Problem: Restate the lines word for word, from the first line of the records through the line containing "东田径场内灯光璀璨,欢动与祝". Leave out the pictures and anything after that line.

[Excerpts from a dataset]
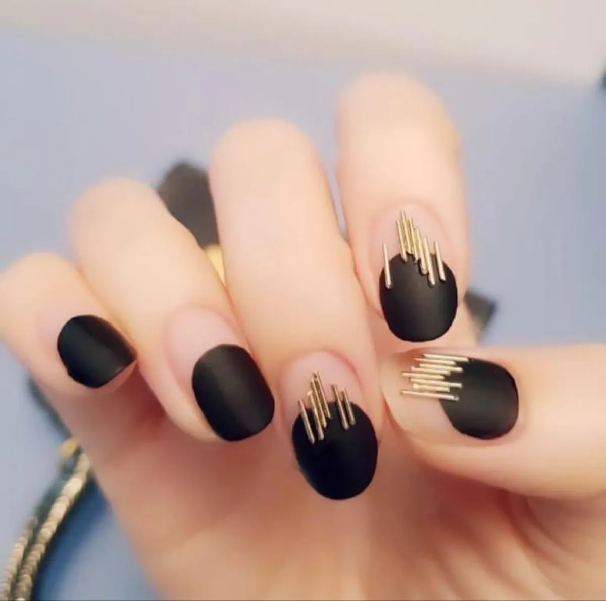 يعد الأسود دائماً اختياراً كلاسيكياً، لكن استخدمي طلاء الأظافر الأسود هذه المرة بطريقة مختلفة وعصرية، وغير متوقعة، بحيث تطلين نصف الظفر بالمناكير الأسود وتتركين النصف الثاني خالياً من المناكير. ومن ثم زيّني وسط الظفر بالمسامير الذهبية الناعمة.
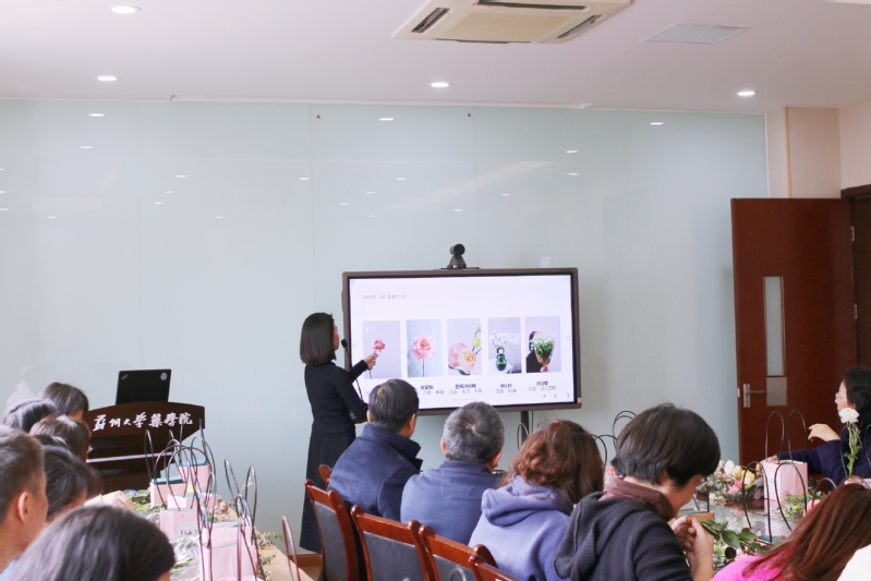 本次活动邀请达派花艺的阿敏老师,向教工传授插花技巧。通过ppt的展示,使大家认识了许多不同类型的花,便于大家后续的搭配。授课老师告诉大家,要选取一朵最美丽的花作为主花,突出中心,两侧各插一支不同花卉陪衬,要避免花枝排列整齐,主体花要突出。接着,老师分别从修剪、固定、插序、点缀等方面,为大家详细讲解了插花活动各个流程,强调了插花搭配要注重高低错落、疏密有致、仰俯呼应等原则。
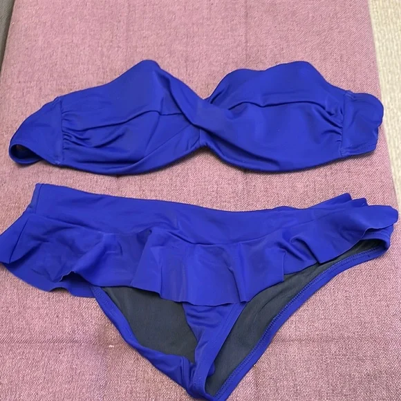 Stylish blue bikini set with ruffled details. Perfect for a chic beach look.
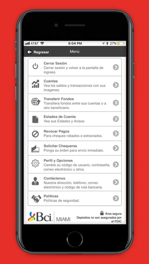 Por eso le entregamos la aplicación Bci Miami para que pueda hacer todas sus transacciones financieras en pocos clics, de forma segura y con una experiencia móvil de vanguardia. Con Bci Miami usted podrá:
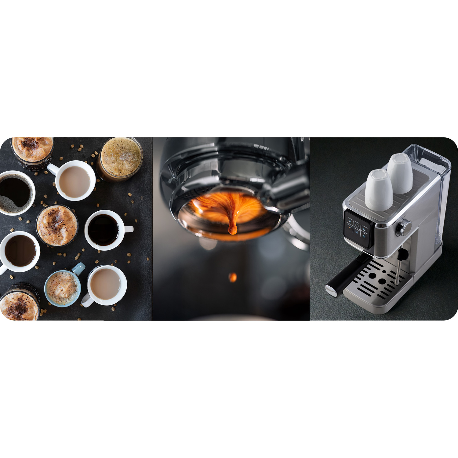 Wydajna pompa ciśnieniowa 20 bar i precyzyjny system zaparzania wydobywają z kawy wszystko, co najlepsze – intensywny aromat, głęboki smak i perfekcyjną cremę.
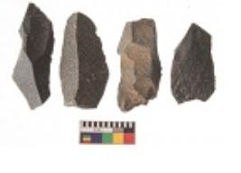 | Description / विवरण | There are n 4 utilized flakes. There are multi directional irregular scar pattern on both dorsal and ventral face of the flakes. Two are tapering at one end and two have sharp edges. |
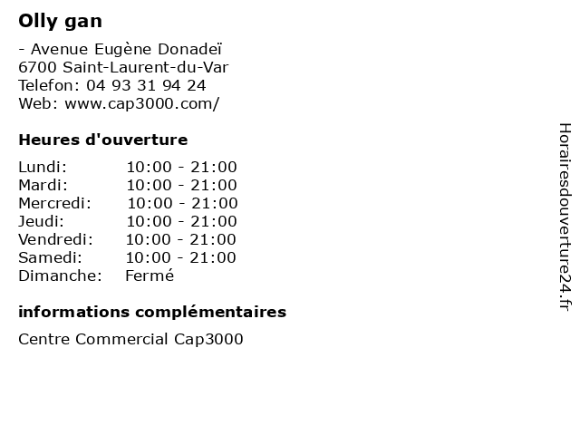 | Mercredi | 10:00-21:00 |
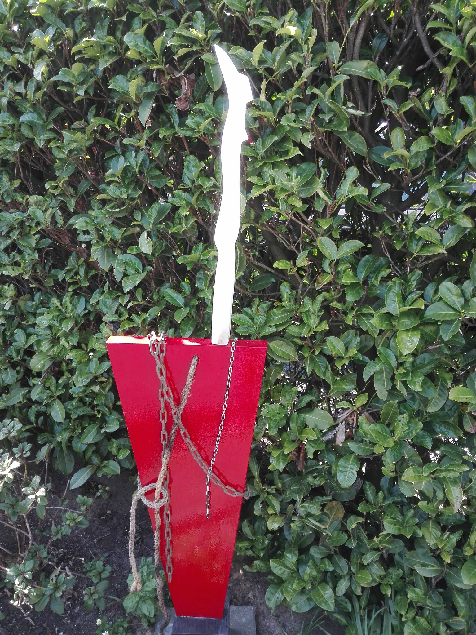 Irene staat voor vrede. Zij rijst op uit een zwarte en rode ondergrond. Deze kleuren en de kettingen en het touw staan symbool voor de oorlog. Het beeld is gemaakt in het kader van de herdenking 75 jaar bevrijding.
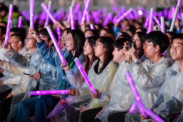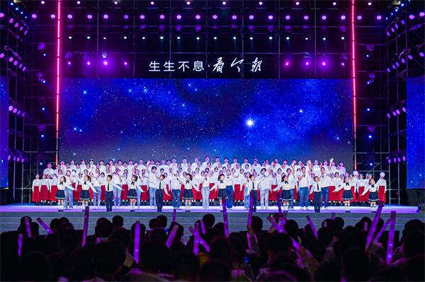 东田径场内灯光璀璨,欢动与祝福交织。舞蹈、歌曲、朗诵、情景剧等多种类型的节目精彩纷呈、轮番上演,舞美效果美轮美奂,青春之歌在校园中久久回荡,炫美色彩在校园上空绚丽绽放。
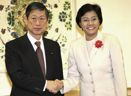 Indonesian Finance Minister Sri Muluyani Indrawati (R) shakes hands with Japanese Foreign Minister Masahiko Komura prior to the Outreach Session of the G8 Development Ministers' Meeting in Tokyo April 5, 2008. [Agencies]
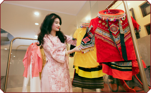 Khoác lên những lớp áo di sản: hoá thân thành hoàng hậu trong tà áo Nhật Bình cung đình Huế, oai phong như bậc quan lại với áo dài khăn đóng truyền thống, tạo nét duyên dáng của áo ngũ thân Bắc Bộ, hay cá tính độc đáo với trang phục dân tộc Tây Bắc, kèm vô số các phụ kiện, trang sức ấn tượng
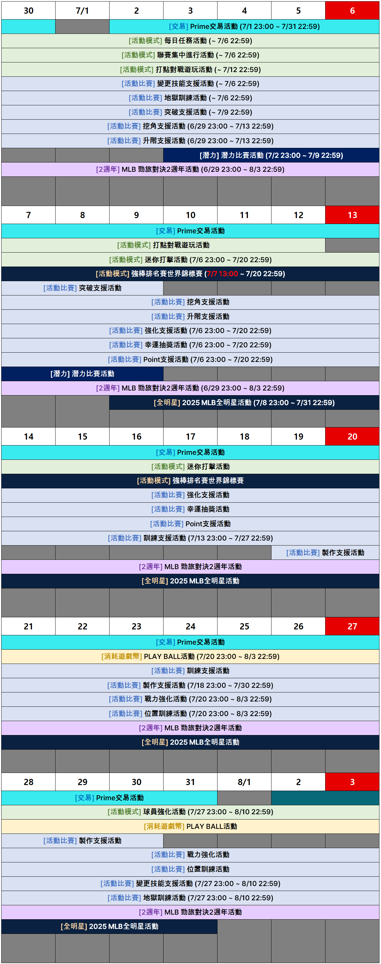 [活動] 7月遊戲活動日程通知(7月1日修復)
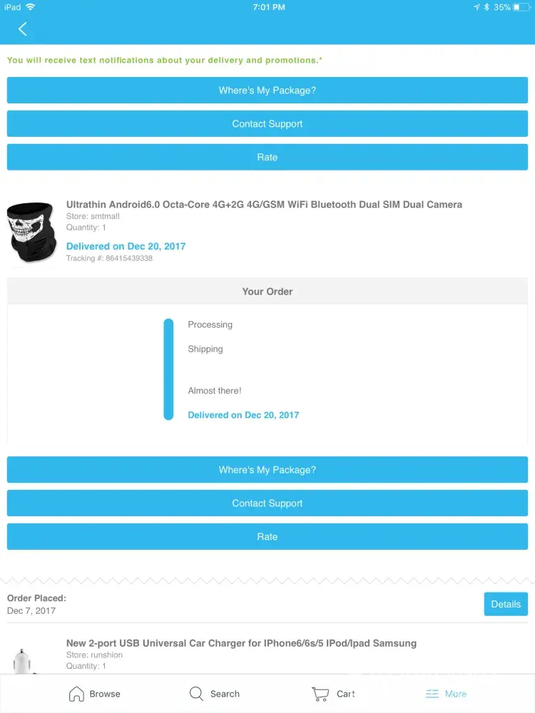 The Wish app is the worst app I have ever ordered anything from and will never be ordering from ever again. I have ordered two things from Wish and have not gotten them since November 27, 2017 when they were supposedly delivered to my apartment and I have tried everything to get a hold of my packages. I have called US PS I have called Wish I have emailed wish back-and-forth for a month now and nothing. I asked for a refund and I still got the same response over and over again that I need to call USPS and have not gotten a refund not have I gotten my items. The absolute worst at that I have ever ordered through and I will never be ordering to them ever again and I will tell everyone how my experience was because I would never want this to happen to someone else. Is pretty much a scam because now I'm down at least $30 and have not gotten my orders nor have I gotten a refund.
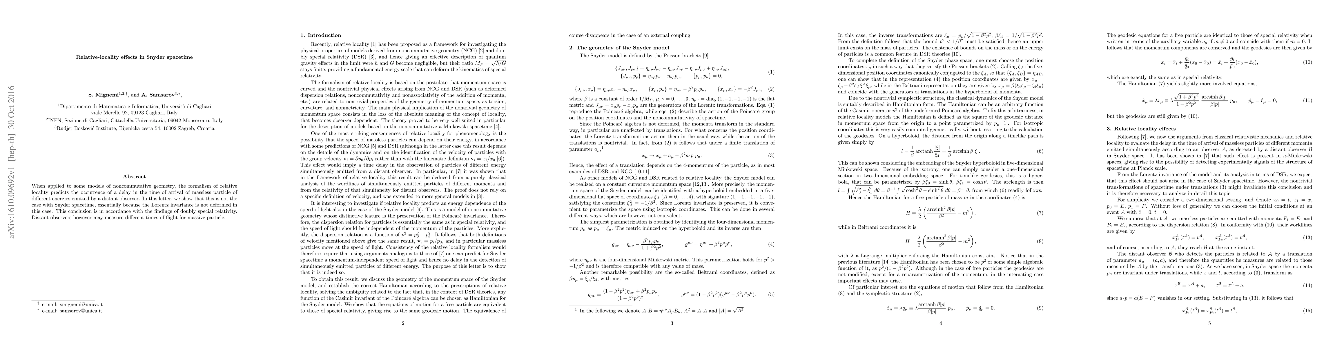 This paper explores relative-locality effects in Snyder spacetime and finds that, unlike some models of noncommutative geometry, it does not predict a time delay for massless particles. However, it does suggest that massive particles may experience different flight times as measured by distant observers.
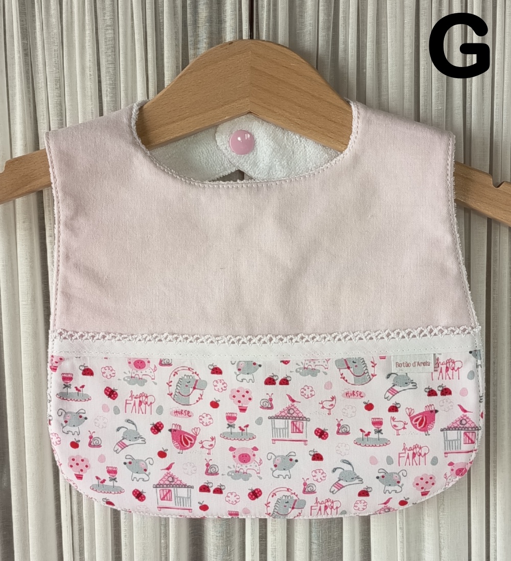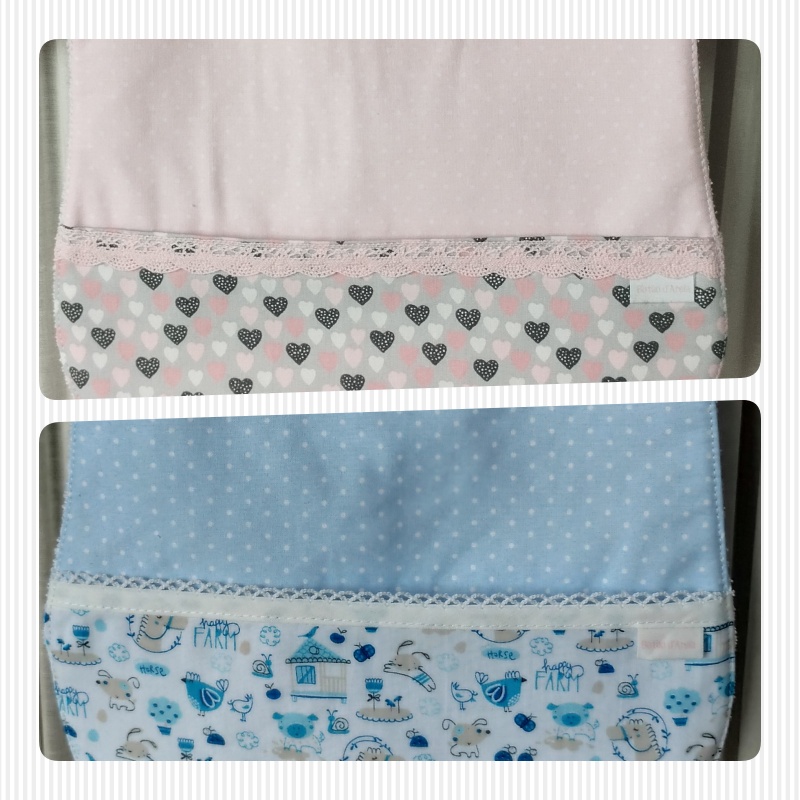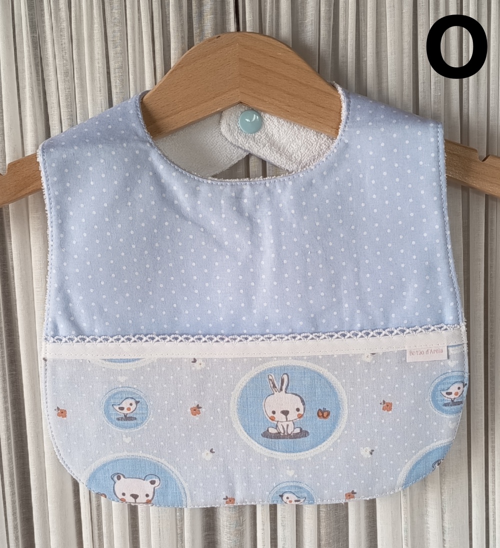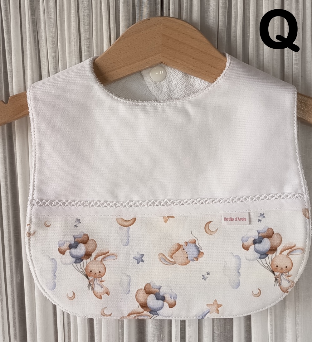 Babete em tecido 100% algodão, forrada com turco impermeável, anti alérgico e anti bacteriano.
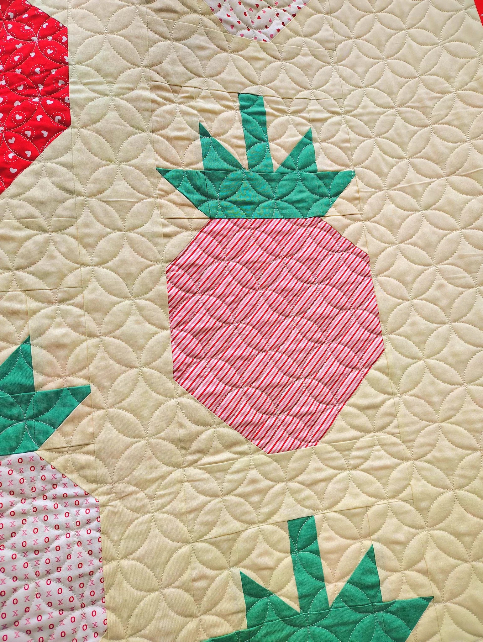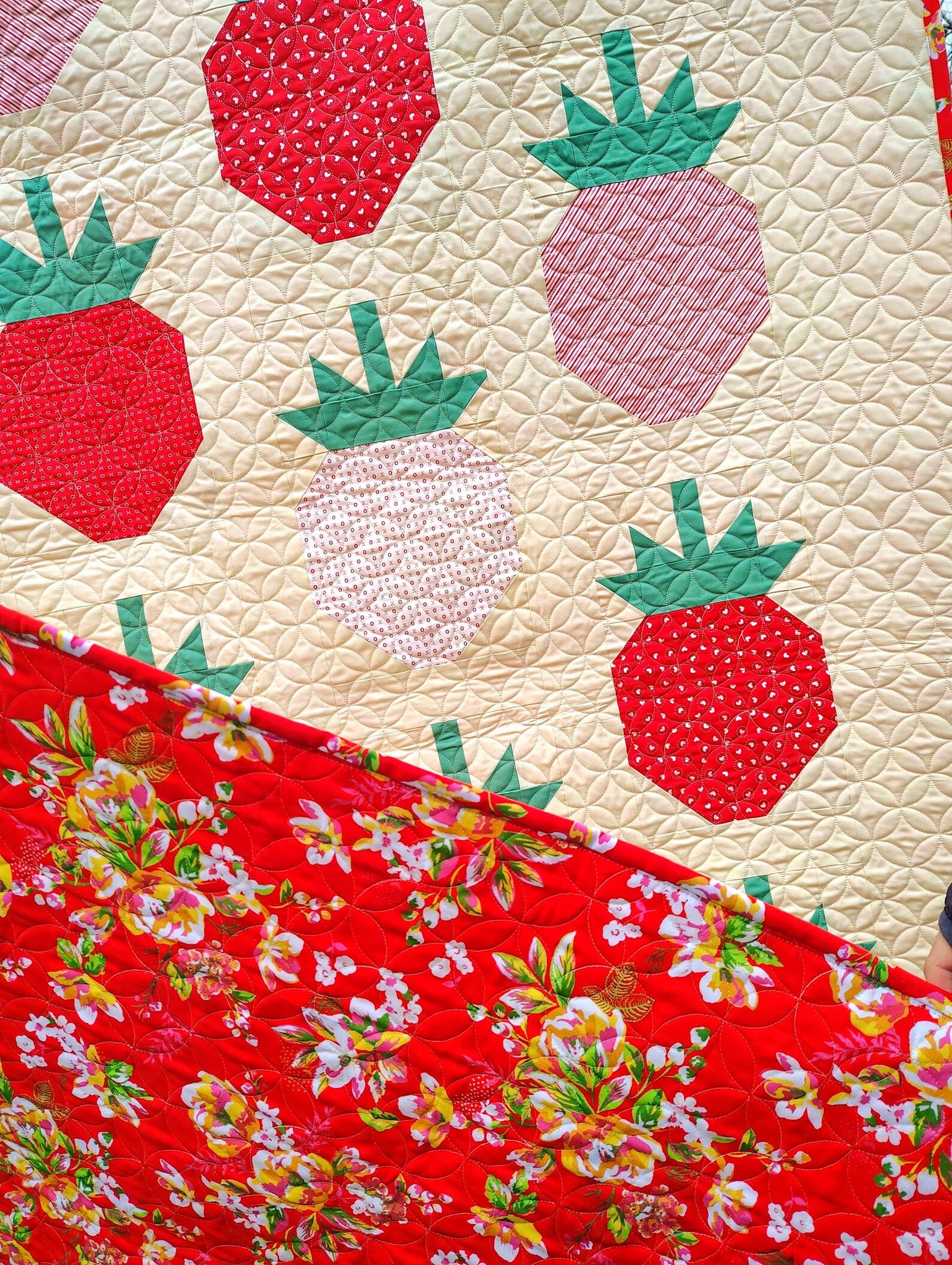 Handmade Strawberry Quilt ā Modern Design with Traditional Orange Peel Quilting š
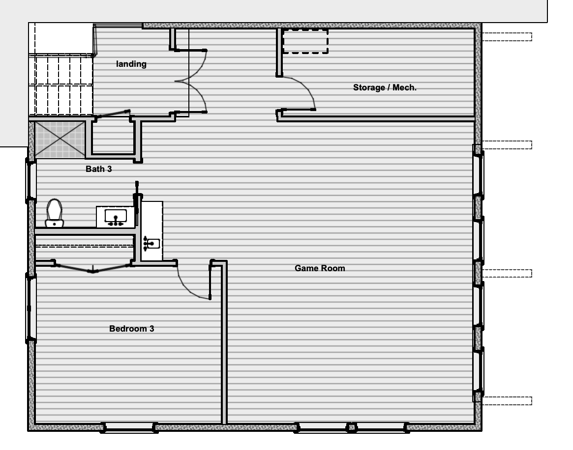 modernist exterior shot rendered floorpan for a real estate brochure tiled bathroom carpet bedroom game room with couch seating area and ping pong table stairs down in the upper left architecture
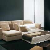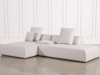 In style high tech the upholstery is necessarily black and white, and modern style implies sofas with auxiliary devices: folding tables, shelves for books and others.
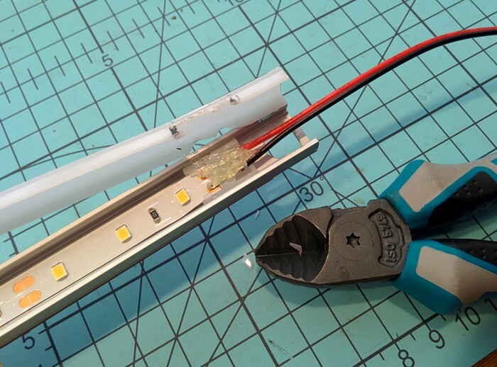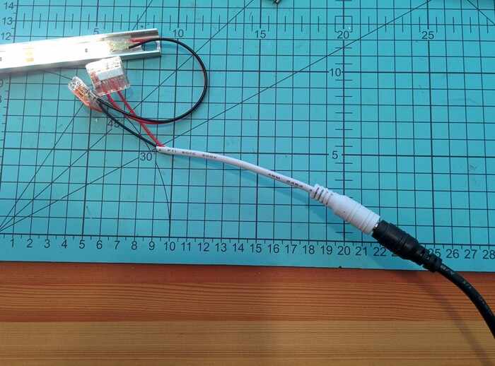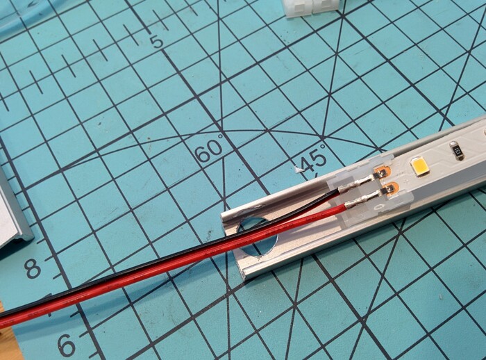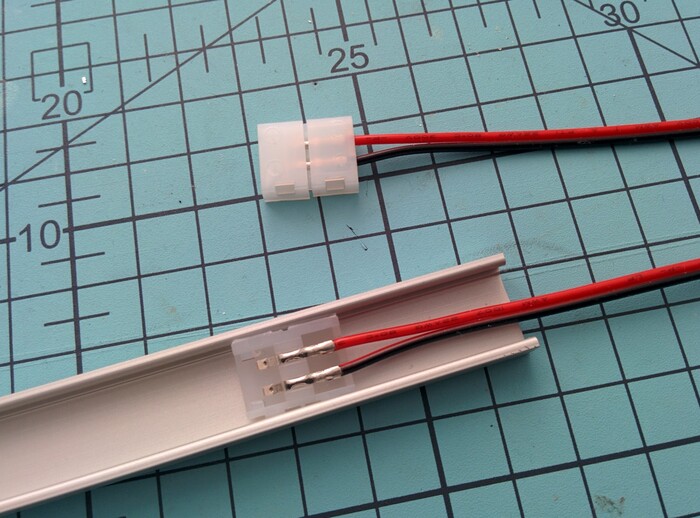 Перед приклеиванием профиля проверил, что всё работает, потому что потом исправлять будет сложнее. Как уже говорил, уважаю рычажные клеммы и стандартные разъёмы за простоту подключения.

Solution:
 يعد الأسود دائماً اختياراً كلاسيكياً، لكن استخدمي طلاء الأظافر الأسود هذه المرة بطريقة مختلفة وعصرية، وغير متوقعة، بحيث تطلين نصف الظفر بالمناكير الأسود وتتركين النصف الثاني خالياً من المناكير. ومن ثم زيّني وسط الظفر بالمسامير الذهبية الناعمة.
 本次活动邀请达派花艺的阿敏老师,向教工传授插花技巧。通过ppt的展示,使大家认识了许多不同类型的花,便于大家后续的搭配。授课老师告诉大家,要选取一朵最美丽的花作为主花,突出中心,两侧各插一支不同花卉陪衬,要避免花枝排列整齐,主体花要突出。接着,老师分别从修剪、固定、插序、点缀等方面,为大家详细讲解了插花活动各个流程,强调了插花搭配要注重高低错落、疏密有致、仰俯呼应等原则。
 Stylish blue bikini set with ruffled details. Perfect for a chic beach look.
 Por eso le entregamos la aplicación Bci Miami para que pueda hacer todas sus transacciones financieras en pocos clics, de forma segura y con una experiencia móvil de vanguardia. Con Bci Miami usted podrá:
 Wydajna pompa ciśnieniowa 20 bar i precyzyjny system zaparzania wydobywają z kawy wszystko, co najlepsze – intensywny aromat, głęboki smak i perfekcyjną cremę.
 | Description / विवरण | There are n 4 utilized flakes. There are multi directional irregular scar pattern on both dorsal and ventral face of the flakes. Two are tapering at one end and two have sharp edges. |
 | Mercredi | 10:00-21:00 |
 Irene staat voor vrede. Zij rijst op uit een zwarte en rode ondergrond. Deze kleuren en de kettingen en het touw staan symbool voor de oorlog. Het beeld is gemaakt in het kader van de herdenking 75 jaar bevrijding.
 东田径场内灯光璀璨,欢动与祝福交织。舞蹈、歌曲、朗诵、情景剧等多种类型的节目精彩纷呈、轮番上演,舞美效果美轮美奂,青春之歌在校园中久久回荡,炫美色彩在校园上空绚丽绽放。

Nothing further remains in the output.